United States FAA administrator (1947–2016)

Patricia Grace Smith (November 10, 1947 – June 5, 2016) was a United States Federal Aviation Administration (FAA) associate administrator whose regulatory work helped make personal space travel a possibility.

==Personal life==

Patricia Grace Jones was born in Tuskegee, Alabama, on Nov. 10, 1947. Smith's father, after retiring from the Air Force, managed the canteen at the Veterans Administration Medical Center in Tuskegee. Her mother, Wilhelmina, worked as a clerk at the hospital.

As a teenager, Smith was among the first students to integrate the public schools in Macon County, Alabama, over the protests of state officials in the administration of Governor George C. Wallace. Ultimately, Smith was one of 12 students to file a lawsuit against the Macon County Board of Education to preserve their legal right to attend the previously all-white Tuskegee High School. Initially filed in 1963, the case resulted in the 1967 federal district court decision resulting in a blanket desegregation order for public primary and secondary schools, two-year postsecondary schools, and public universities. That ruling was later upheld by the Supreme Court of the United States.

Smith later attributed her negotiating skills to the experience she had during the struggle for integration.

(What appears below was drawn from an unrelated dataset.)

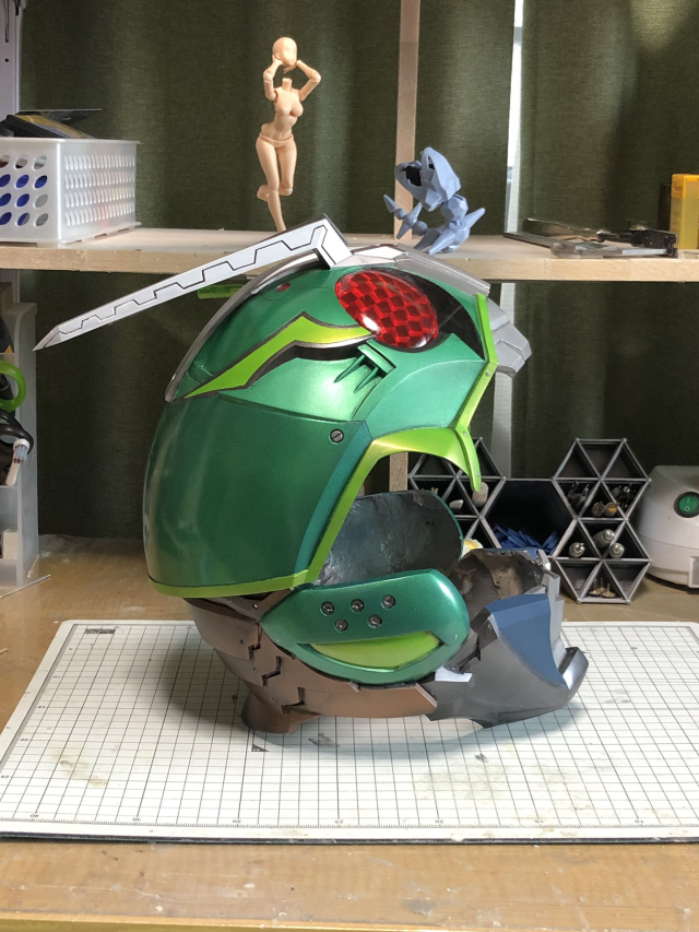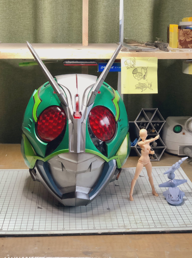 推主浅梨順一郎是在玩具原型分包商的公司工作,雖然常接觸這些商品,但並沒有實際製作的經驗。製作這個《假面騎士》3號頭盔安全帽完全是興趣使然,憑著自己對於《假面騎士》的熱愛想試著製作看看。

Smith graduated from Tuskegee Institute with a bachelor's degree in English in 1969; and later undertook graduate coursework at Auburn University, George Washington University, and Harvard University.

Smith had a son with her first husband, Gene Grace, and three children with her second husband, John Clay Smith. Smith was 68 years old when she died of pancreatic cancer, on June 5, 2016, in Washington, D.C.

==Career==

After beginning her career in private industry in the field of broadcasting, Smith spent much of her working life with the US Federal government, beginning with the Federal Communications Commission, working on satellite communications. She then went to work for the Defense Communications Agency and later the U.S. Department of Transportation. At the latter she was chief of staff of the Office of Commercial Space Transportation. That office was moved to the FAA in 1995, where she had the title of associate administrator.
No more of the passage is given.